Oledb [best] < 2026 Update >

: These are applications or tools that use OLE DB interfaces to search for and retrieve data. Common consumers include ADO.NET and older ADO applications.

// Create a new OleDbCommand object OleDbCommand command = new OleDbCommand("SELECT * FROM example_table", connection);

A common confusion in literature is conflating OLE DB with ADO. The relationship is hierarchical: : These are applications or tools that use

OLE DB represented a bold, theoretically sound attempt to unify access to all forms of tabular data. Its component-based, interface-rich architecture was ahead of its time, prefiguring modern data virtualization and polyglot persistence layers. However, its practical failure was not one of design but of complexity and timing. The managed-code revolution and the resurgence of ODBC as a simpler, faster relational protocol sealed its fate. For system architects today, OLE DB stands as a monument to both the ambition and the peril of universal data access layers.

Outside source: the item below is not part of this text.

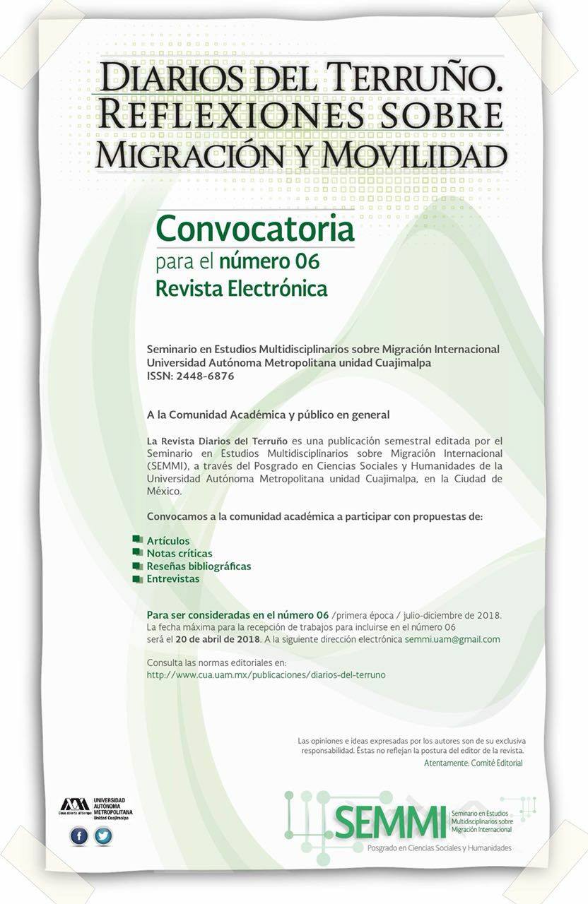 Convocatoria para el Número 06 de la revista DIARIOS DEL TERRUÑO.

Unlike the monolithic ODBC handle structure, OLE DB decomposes a data session into six mandatory and optional objects: The relationship is hierarchical: OLE DB represented a

class OLEDBExample { public static void Main(string[] args) { // Define connection string string connectionString = "Provider=Microsoft.ACE.OLEDB.12.0;Data Source=C:\\example.accdb";

Here are some key features and facts about OLE DB: The managed-code revolution and the resurgence of ODBC

The is particularly notable: it can transform a forward-only, read-only rowset into a fully scrollable, updateable rowset by maintaining a client-side copy. This came at a significant memory and marshalling cost but enabled uniform scrolling across all data sources.

OLE DB (Object Linking and Embedding Database) is a Microsoft technology that allows different applications to access various data sources, such as databases, file systems, and other data storage systems, using a common set of APIs (Application Programming Interfaces).